Inserido em 9 de agosto de 2023

 

Ofício nº 079 Rio de Janeiro, 08 de agosto de 2023.

Excelentíssimo Senhor Procurador-Geral,

Cumprimentando-o, sirvo-me do presente para expor e solicitar o que segue:

Recentemente, a Resolução GPGJ nº 2.519 DE 17 DE MARÇO DE 2023, com redação alterada pela Resolução GPGJ n. 2.529 de 17 de maio de 2023, regulamentou o direito à licença compensatória por assunção de acervo processual, procedimental ou administrativo, no âmbito do Ministério Público do Estado do Rio de Janeiro.

Em razão desta regulamentação, quase a totalidade de membros do Parquet estadual passou a perceber, com base no § 1º do artigo 6º da citada resolução, os valores associados a esse direito, os quais, nesse primeiro momento, correspondem a 2 dias de trabalho por mês.

Ocorre que, nos últimos dias, diversos membros da instituição, titulares de Promotorias de Substituição Regional e Promotores de Justiça substitutos, nomeadamente aqueles designados em auxílio para atuação em órgãos de execução titularizados por outros colegas, informaram à AMPERJ que não têm recebido qualquer pagamento relacionado à citada licença compensatória.

Pelo que se pôde apreender dos relatos encaminhados à AMPERJ, os referidos associados(as), mesmo nas hipóteses em que pactuam idêntica carga de trabalho com o titular do órgão de execução, não vêm fazendo jus, segundo os critérios adotados pela chefia institucional, ao pagamento da referida licença compensatória, direito alegadamente reconhecido ao membro titular que recebe o respectivo auxílio.

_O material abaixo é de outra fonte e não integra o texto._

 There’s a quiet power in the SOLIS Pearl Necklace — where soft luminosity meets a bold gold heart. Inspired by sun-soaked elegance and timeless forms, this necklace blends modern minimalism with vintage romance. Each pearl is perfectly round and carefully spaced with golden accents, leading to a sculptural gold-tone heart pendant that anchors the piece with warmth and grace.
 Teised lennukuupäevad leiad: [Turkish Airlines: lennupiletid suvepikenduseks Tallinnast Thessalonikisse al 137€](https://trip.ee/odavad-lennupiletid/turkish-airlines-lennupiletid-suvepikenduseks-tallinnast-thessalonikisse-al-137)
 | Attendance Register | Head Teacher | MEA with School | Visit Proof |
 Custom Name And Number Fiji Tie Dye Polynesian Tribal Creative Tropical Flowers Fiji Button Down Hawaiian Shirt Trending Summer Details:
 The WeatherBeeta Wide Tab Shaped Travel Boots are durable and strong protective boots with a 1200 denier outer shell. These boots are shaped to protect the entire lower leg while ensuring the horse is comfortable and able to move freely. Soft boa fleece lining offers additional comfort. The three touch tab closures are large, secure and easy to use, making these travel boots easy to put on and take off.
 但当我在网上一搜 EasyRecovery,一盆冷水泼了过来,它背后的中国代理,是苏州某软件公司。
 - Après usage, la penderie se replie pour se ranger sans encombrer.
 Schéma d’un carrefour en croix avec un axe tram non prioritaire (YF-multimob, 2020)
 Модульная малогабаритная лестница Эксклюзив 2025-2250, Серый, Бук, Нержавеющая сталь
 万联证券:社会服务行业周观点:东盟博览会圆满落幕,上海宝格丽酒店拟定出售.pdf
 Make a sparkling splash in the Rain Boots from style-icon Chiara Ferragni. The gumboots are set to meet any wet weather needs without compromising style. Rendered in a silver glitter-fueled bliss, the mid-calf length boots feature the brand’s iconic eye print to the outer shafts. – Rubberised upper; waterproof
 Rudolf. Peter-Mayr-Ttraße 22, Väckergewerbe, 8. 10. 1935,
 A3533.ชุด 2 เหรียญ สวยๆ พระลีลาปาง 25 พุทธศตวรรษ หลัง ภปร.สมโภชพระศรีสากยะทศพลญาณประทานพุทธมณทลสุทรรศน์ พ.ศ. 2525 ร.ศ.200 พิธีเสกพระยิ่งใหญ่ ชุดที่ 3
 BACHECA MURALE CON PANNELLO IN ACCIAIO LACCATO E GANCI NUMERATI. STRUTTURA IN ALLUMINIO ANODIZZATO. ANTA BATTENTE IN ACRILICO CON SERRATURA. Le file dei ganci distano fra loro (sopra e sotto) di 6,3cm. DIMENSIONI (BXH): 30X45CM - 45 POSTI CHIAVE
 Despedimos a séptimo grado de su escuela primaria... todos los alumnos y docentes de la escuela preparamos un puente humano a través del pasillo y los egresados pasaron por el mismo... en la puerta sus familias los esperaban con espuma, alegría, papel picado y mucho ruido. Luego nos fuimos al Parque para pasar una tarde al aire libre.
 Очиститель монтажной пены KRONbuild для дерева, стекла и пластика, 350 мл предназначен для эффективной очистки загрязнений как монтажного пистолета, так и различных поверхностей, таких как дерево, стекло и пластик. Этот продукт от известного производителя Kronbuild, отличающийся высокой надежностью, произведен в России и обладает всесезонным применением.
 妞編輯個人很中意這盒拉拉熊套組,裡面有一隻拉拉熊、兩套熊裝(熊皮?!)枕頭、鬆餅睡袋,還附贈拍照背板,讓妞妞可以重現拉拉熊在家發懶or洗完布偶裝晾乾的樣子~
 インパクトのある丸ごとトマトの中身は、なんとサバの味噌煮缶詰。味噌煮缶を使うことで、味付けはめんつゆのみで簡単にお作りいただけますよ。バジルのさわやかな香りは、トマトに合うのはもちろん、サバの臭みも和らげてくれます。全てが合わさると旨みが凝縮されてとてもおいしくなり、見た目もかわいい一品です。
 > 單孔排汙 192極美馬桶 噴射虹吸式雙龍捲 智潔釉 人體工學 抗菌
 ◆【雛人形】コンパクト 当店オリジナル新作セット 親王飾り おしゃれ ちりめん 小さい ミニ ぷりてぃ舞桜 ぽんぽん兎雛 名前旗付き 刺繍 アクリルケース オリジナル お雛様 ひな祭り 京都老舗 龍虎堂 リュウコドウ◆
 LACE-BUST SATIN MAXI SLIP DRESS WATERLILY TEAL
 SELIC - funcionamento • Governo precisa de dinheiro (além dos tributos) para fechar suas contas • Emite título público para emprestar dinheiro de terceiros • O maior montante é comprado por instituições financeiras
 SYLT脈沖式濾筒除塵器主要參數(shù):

Ou seja, a posição adotada pela Procuradoria-Geral de Justiça, se confirmada, parece conferir tratamento desigual a membros do MPRJ, sem que seja possível encontrar no arcabouço normativo aplicável ao caso uma justificativa jurídica para isso.

Havendo correlação entre a produção laboral de dois membros do Parquet num determinado mês, parece não haver razão jurídica para o não-pagamento da licença compensatória para apenas um deles: o Promotor de Justiça Regional ou o Promotor de Justiça substituto. Eventuais distinções em abstrato entre cargos ocupados por membros do MPRJ – titular, titular-regional ou substituto – não parecem elidir o fato de que, em um mês, todos os designados para determinado órgão de execução deram cabo do mesmo quantitativo de acervo, “quantitativo de acervo” este que tem servido de critério fundamental para justificar o pagamento da licença compensatória.

Sobre o assunto, estabelece o § 1º do artigo 6º da Resolução GPGJ n. 2519/2023, verbis:

“Nos órgãos de execução, fora das hipóteses previstas no art. 2º, poderá ser reconhecido o acúmulo de acervo, nos termos do art. 5º, observada a proporção de 1 (um) dias de licença para 15 (quinze) dias de trabalho, limitando-se a concessão a 2(dois) dias por mês.”

Percebe-se pela leitura do texto da norma administrativa acima transcrita que a concessão de dois dias de licença compensatória a todos os membros do MPRJ designados (titular ou substituto) para exercício mensal num determinado órgão de execução tem fundamento no artigo 5º da Resolução GPGJ n. 2519/2023, ou seja, resulta de ato discricionário do Procurador-Geral de Justiça, que, embora tenha reconhecido, com base em critérios de conveniência e oportunidade, o direito do gozo da citada licença aos membros titulares, deixou, contudo, de reconhecer o mesmo direito àqueles membros designados em auxílio, regionais ou substitutos, que oficiaram na mesma quantidade de feitos.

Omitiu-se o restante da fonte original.